Independent Venue Week is finally upon us, starting today - the 30th of January - and we are excited about all the amazing shows set to take place across the UK this week. This year the number of partaking independent venues has grown to an amazing 300+ venues and we can't wait to see the talent each artist and band has to bring.
We got the chance to speak with Carmarthen, Wales-based indie-rock Welsh Language trio Adwaith! They are set to play at The Live Rooms, Chester on Friday 3rd February and Cwrw, Carmarthen on Sunday 5th February - the final day of #IVW23.
For those that haven’t heard of you before, tell us a bit about yourself and how Adwaith came to be.
Hey! We’re Adwaith, a band from west Wales and we sing in Welsh. We came together as teenagers (quite a few years ago now) and haven’t stopped making music since!
How does it feel to be performing as a part of Independent Venue Week 2023?
It feels great, we’re really proud as well to be ambassadors of IVW this year - it’s a real privilege. We always love playing grassroots venues, as it’s where we started out gigging and have played some of our most memorable gigs in these venues.
Is supporting independent venues something important to you as a band?
It’s really really important to us, we wouldn’t be a band without independent venues, like so many other musicians. We owe a lot to these places, they really nurtured our confidence in the first few years of being in the band.
It was pretty amazing. Both of those shows were big highlights for us last year. Green man is a really special festival for us, it really feels like home! Playing Glastonbury has been a dream of ours for a while, so it was pretty mad to be playing. There were so many welsh bucket hats in the crowd, it was incredible haha.
Last year, Adwaith became the only band to be awarded the Welsh Music Prize twice. How did this moment feel for you all?
It was very surreal to be honest, we really weren’t expecting it as we’d won it before and the shortlist was very strong last year.
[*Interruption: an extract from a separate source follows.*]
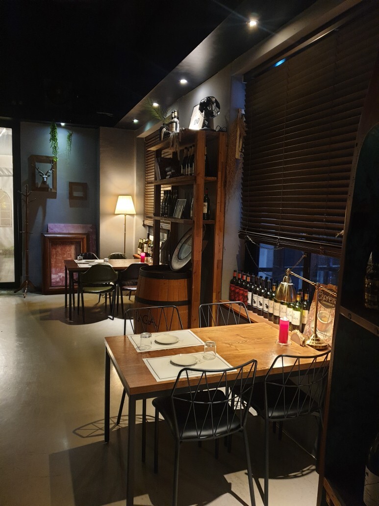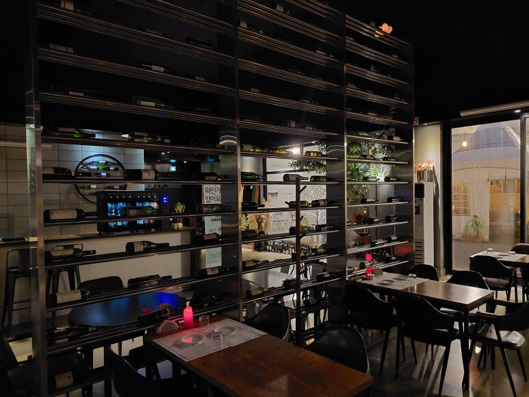 전체적인 가게 분위기 입니다. 분위기 좋죠. 가운데 와인랙으로 이루어진 파티션도 분위기 좋네요. :)

It was a really special moment for us as a band and the welsh music scene has supported us from day one, so we feel very lucky to have won it twice.
In a Time Out article, you all discussed how “exhausting” it has been trying to convince the London-centric UK music industry that Welsh Language Music was marketable. Why is it important to you all that this genre of music gets the recognition and push it deserves?
For Anyone who’s making music outside of the London scene it’s difficult to even get a slight bit of recognition. When you then throw something a bit unusual into the mix, i.e. singing in Welsh, it makes it even more complicated for the London industry haha. I think it’s the fear of the unknown for them, it’s quite unusual for artists that sing in welsh to break outside of Wales, so in that respect it might be something they’ve not really seen before. But it just feels like the industry in London are so focused on what’s going on there, that they forget or simply dismiss what’s going on elsewhere a lot of the time. We’ve played loads of shows in London, which have been amazing! The fanbase is there - but for some reason a majority of the industry in London still seem to question our longevity and how marketable we are because we sing in Welsh, which is slightly ridiculous.
You’ve mentioned, as a band, that you want to delve into the European music industry and bypass the London music scene. How did you reach this decision, and have you had any successes breaking through so far?
We’ve played quite a few shows in Europe over the years and the reaction is always incredible. We played Eurosonic in the Netherlands recently and we had the best time there. The crowd and industry just seem to get us in Europe and make us feel instantly at home. There’s never an uncertainty of whether we’re gonna last or not, they actually really like the fact that we sing in Welsh and can see a future in that, which is really nice and affirming. We’ve just had enough of trying to sell our souls to some of the London industry haha.
Since the release of your first album ‘Melyn’, in 2018, how much have things changed for you?
Things have changed a lot for us as a band since the release of Melyn. Our audience has grown a lot over the past few years, especially post pandemic. It’s great to see so many people at our shows now! We played a headline show in Amsterdam a couple of weeks ago and somebody in the crowd said they’d been waiting to see us for three years, which is mad for us! It's lovely to see our music stretching beyond the UK now.
Back in July 2022, your second album ‘Bato Mato’ was released. The album is full of upbeat, exciting, and entrancing rhythms that make you want to blast it through your headphones. Are there any songs that resonate the most with each of you on the album?
Thank you! For me, Yyn y Sŵn is a standout track on the album. It’s slightly different sonically and rhythmically to the other tracks. We collaborated with Massimo, a friulian musician and created something really special in my opinion.
What can the rest of 2023 see from Adwaith post #IVW23?
We’re currently working on a third album, which is very exciting! We’ve got some headline shows coming up in the year and some festivals booked for the summer - so it should be pretty busy as usual!